Core Components of a Coding Agent [Translated] (Reposted with images added)

Original: Components of A Coding Agent https://magazine.sebastianraschka.com/p/components-of-a-coding-agent 
Author: Sebastian Raschka, PhD

How Coding Agents in Practice Leverage Tools, Memory, and Repository Context to Unlock Greater Power from Large Language Models

In this article, I want to talk about the overall design of Coding Agents and Agent harnesses. What exactly are they? How do they work? How do the various components coordinate in practical applications? Since readers often ask me about agents (many have read my books “Build a Large Language Model (From Scratch)” and “Build a Reasoning Model (From Scratch)”), I decided to write this reference guide to share with everyone conveniently in the future.

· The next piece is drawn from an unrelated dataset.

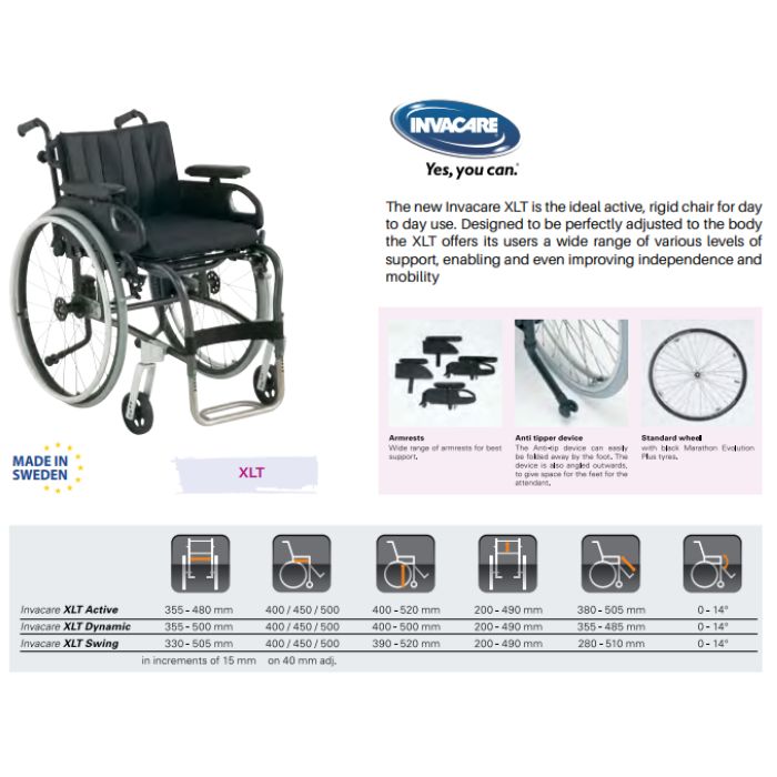 The new Invacare XLT is the ideal active,rigid chair for day to day use. Designed to be perfectly adjusted to fit the body the XLT offers its users a wide range of various levels of support, enabling and even improving independence and mobility.

Broadly speaking, the reason agents are so hot right now is due to recent advancements in practical large language models (LLMs). It’s not just about the models themselves getting stronger, but more about how we use them. In many real-world deployment scenarios, the surrounding systems—like tool calling, context management, and memory functions—play a role no less significant than the model itself. This explains why systems like Claude Code or Codex feel much more powerful than chatting directly with their underlying models in a standard chat interface.

Next, I will outline the six core modules of a coding agent.

Claude Code, Codex CLI, and Other Coding Agents

You might already be familiar with Claude Code or Codex CLI (CLI stands for Command Line Interface, a tool that allows users to operate a computer by typing code/commands in a terminal). To set a simple baseline: they are essentially agentified programming tools. They wrap a large language model within an application layer (what we call an Agent harness), making them more convenient and performant when handling programming tasks.

Figure 1: Claude Code CLI, Codex CLI, and my own minimalist coding agent.

Coding agents are specifically built for software development. Here, the main event isn’t just which model you choose, but the surrounding support systems—including repository context (Repo Context), tool design, prompt cache stability, memory capabilities, and the coherence to handle long, continuous work sessions.

Understanding this distinction is crucial. Because when we talk about “the programming ability of large language models,” people often conflate “the model itself,” “the model’s reasoning behavior,” and “agent products.” So before diving into the details of coding agents, let me spend a moment briefly clarifying the differences between the broad concepts of large language models, reasoning models, and agents.

Clarifying Relationships: Large Language Models, Reasoning Models, and Agents

Large Language Model (LLM) is the core; essentially, it’s a model that continuously predicts the “next word.” Reasoning Model is also an LLM, but it has undergone special training or prompt guidance to invest more computational power in generating answers (i.e., increasing inference-time compute consumption, known as test-time compute) for intermediate step reasoning, self-verification, or searching for the best result among multiple candidate answers.

Agent is a layer on top of the model; you can think of it as a “control loop” operating around the model. Typically, it works like this: you give a goal, and the agent layer (or Harness) makes decisions for the model: what to check next? Which tool to call? How to update the current state? When is the task complete and it can stop?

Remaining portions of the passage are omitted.